Pour ce faire, il rappelle que « le juge n’a pas à apprécier le bon ou mauvais goût du concept
proposé » (V. déjà, TGI Paris, 2 juill. 1997, Légipresse, juill. 1998, no 153) mais seulement si l’image
est volontairement dévalorisante (Civ. 1re, 16 juill. 1998, Bull. civ. I, no 259 ; D. 1999. 541, note
Saint-Pau ), porte atteinte au respect de la dignité de la personne humaine ou encore contient une
volonté de nuire (V. TGI Paris, 25 avr. 2003, Légipresse, juill. août 2003, no 203).
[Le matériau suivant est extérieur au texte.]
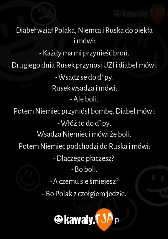 Diabeł wziął Polaka, Niemca i Ruska do piekła i mówi: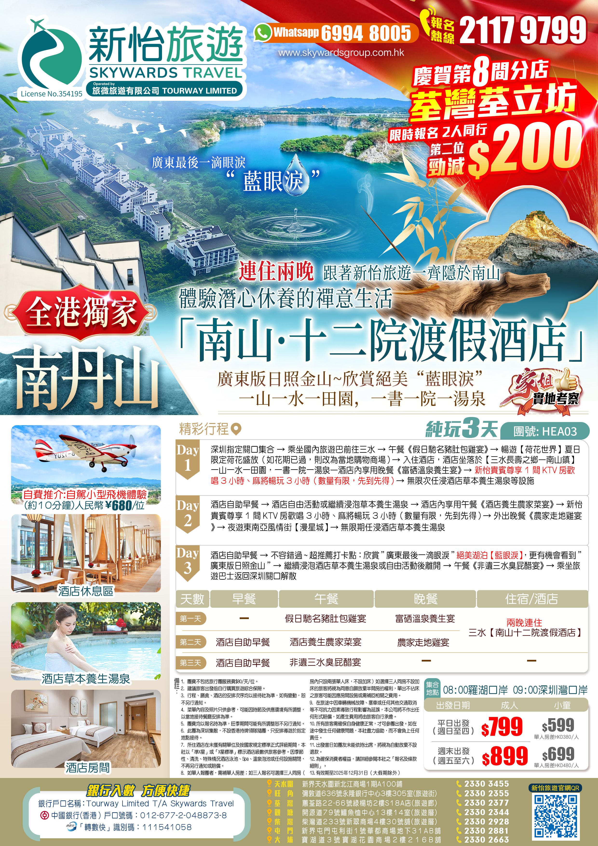 酒店自助早餐—不容錯過~超推薦打卡點:欣賞”廣東最後一滴眼淚”絕美湖泊【藍眼淚】,更有機會看到”廣東版日照金山”—繼續浸泡酒店草本養生湯泉或自由活動後離開—午餐《非遺三水臭屁醋宴》—乘坐旅遊巴士返回深圳關口解散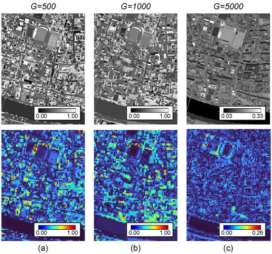 where [, ] is the manually defined albedo range for the j-th pixel. It should be noted that this validation was performed using estimated albedo values at the original resolution of 1 m, that is, (see Equation (16)).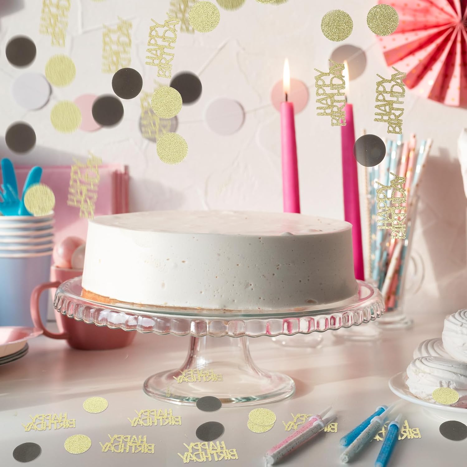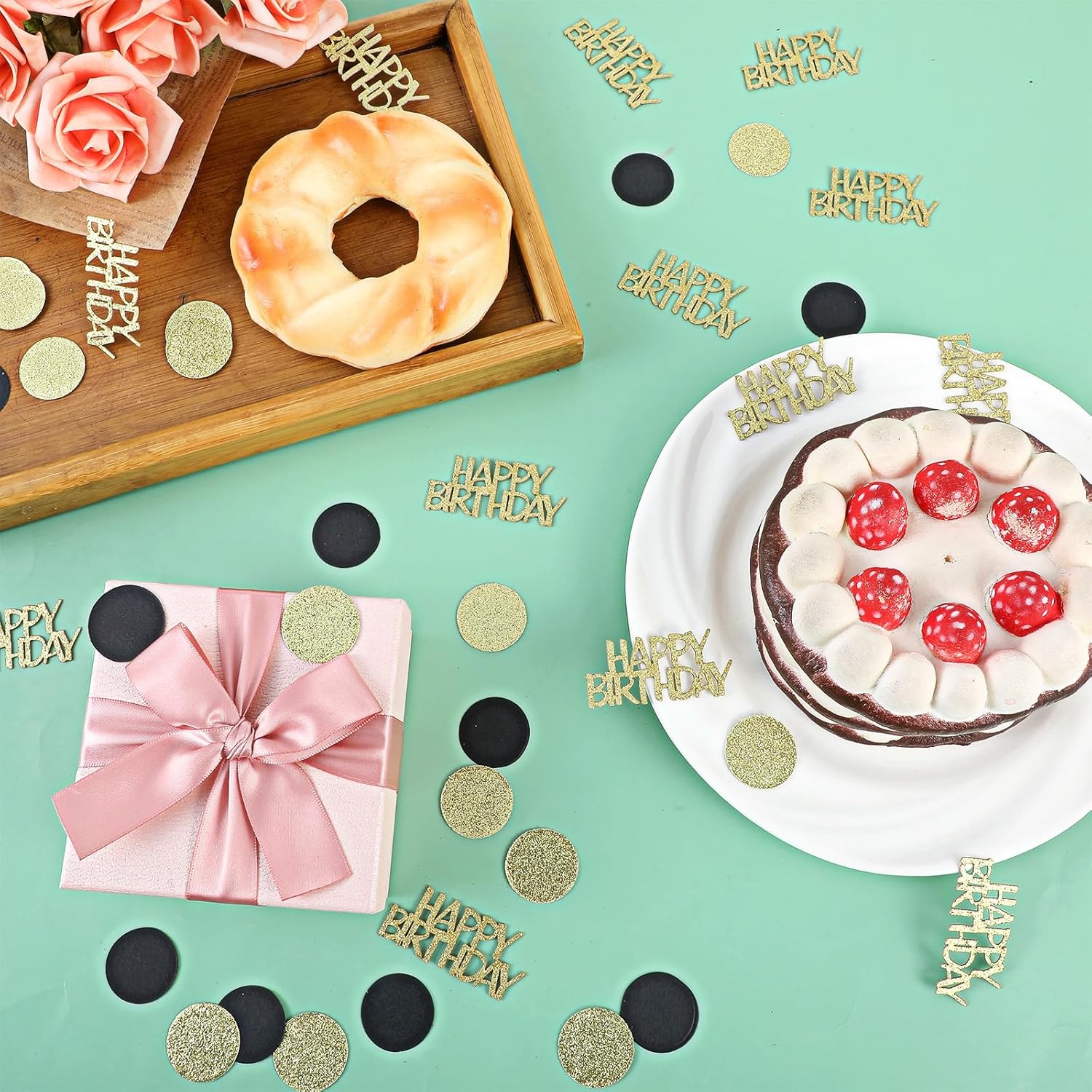 200Pcs Happy Birthday Confetti, Gold Black Birthday Confetti for Table, Metallic Foil Balloon Confettis Scatter Decoration for Party DIY Art Craft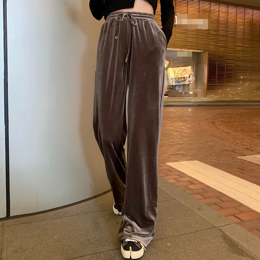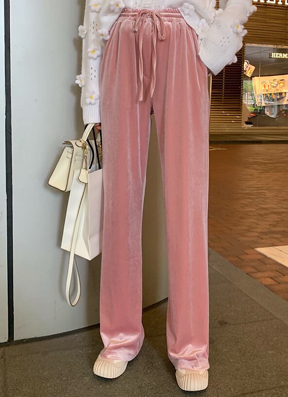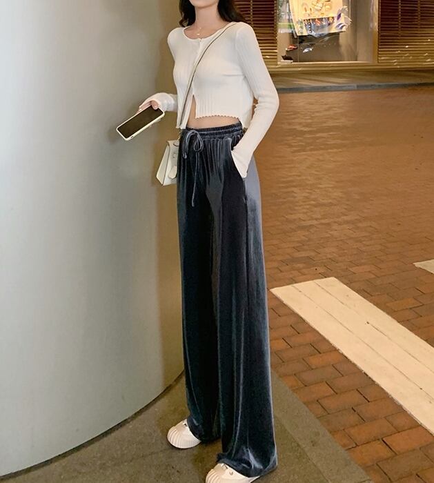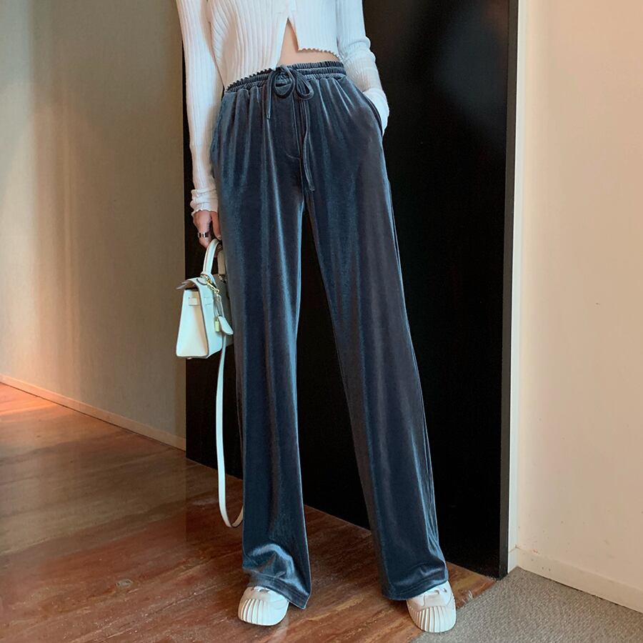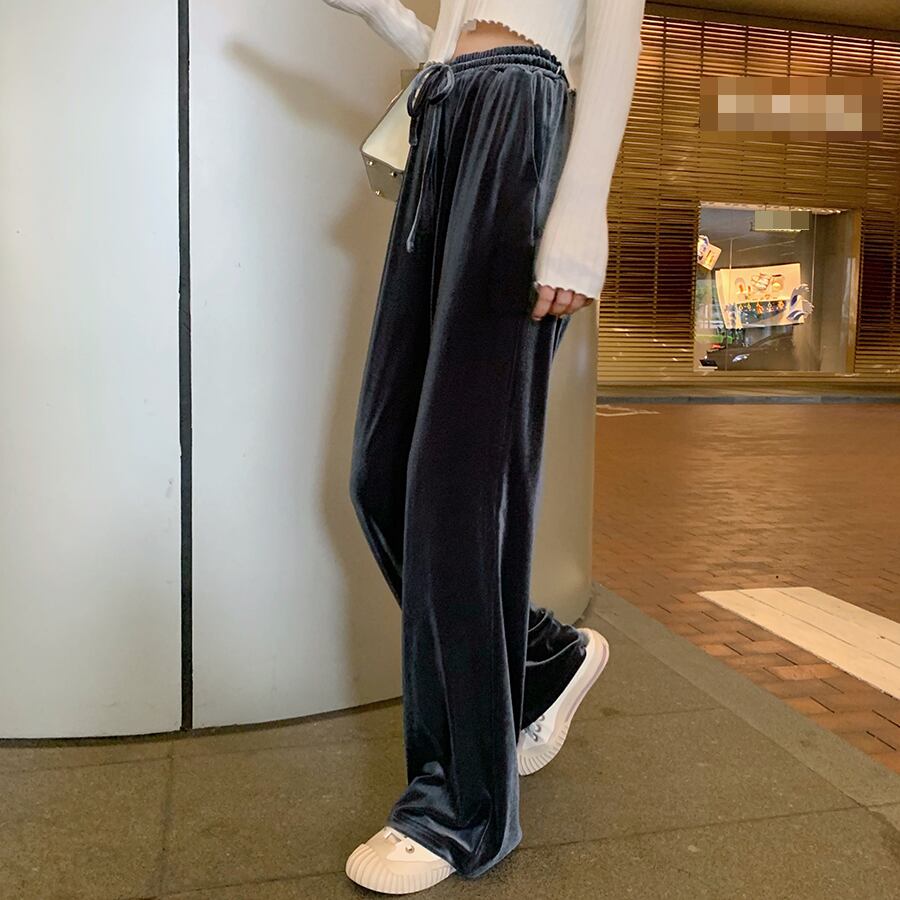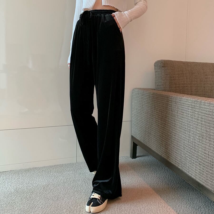 全4色 ベルベット 光沢 パンツ ワイドパンツ ゆったり カジュアル 秋 冬 リボン ハイウエスト ポケット ロング丈

Et, selon le TGI, ce
n’est pas le cas en l’espèce, « le manuel [expliquant] de manière volontairement fantaisiste et
burlesque comment planter les aiguilles, celle-ci n’étant jamais dirigées contre la personne même
dont les traits sont reconnaissables sur la figurine, mais visant à brocarder ses idées et prises de
positions politiques, comme ses propos et comportements publics, en guise de protestation ludique
et d’exutoire humoristique ».
Il énonce enfin que la caricature est d’autant plus admise que le demandeur est un personnage
public, qui de plus a « focalisé l’attention du public sur [sa] personne en mettant en avant [son]
image dans [sa] communication politique ».
Notons que, le demandeur ayant interjeté appel, la décision n’est pas définitive.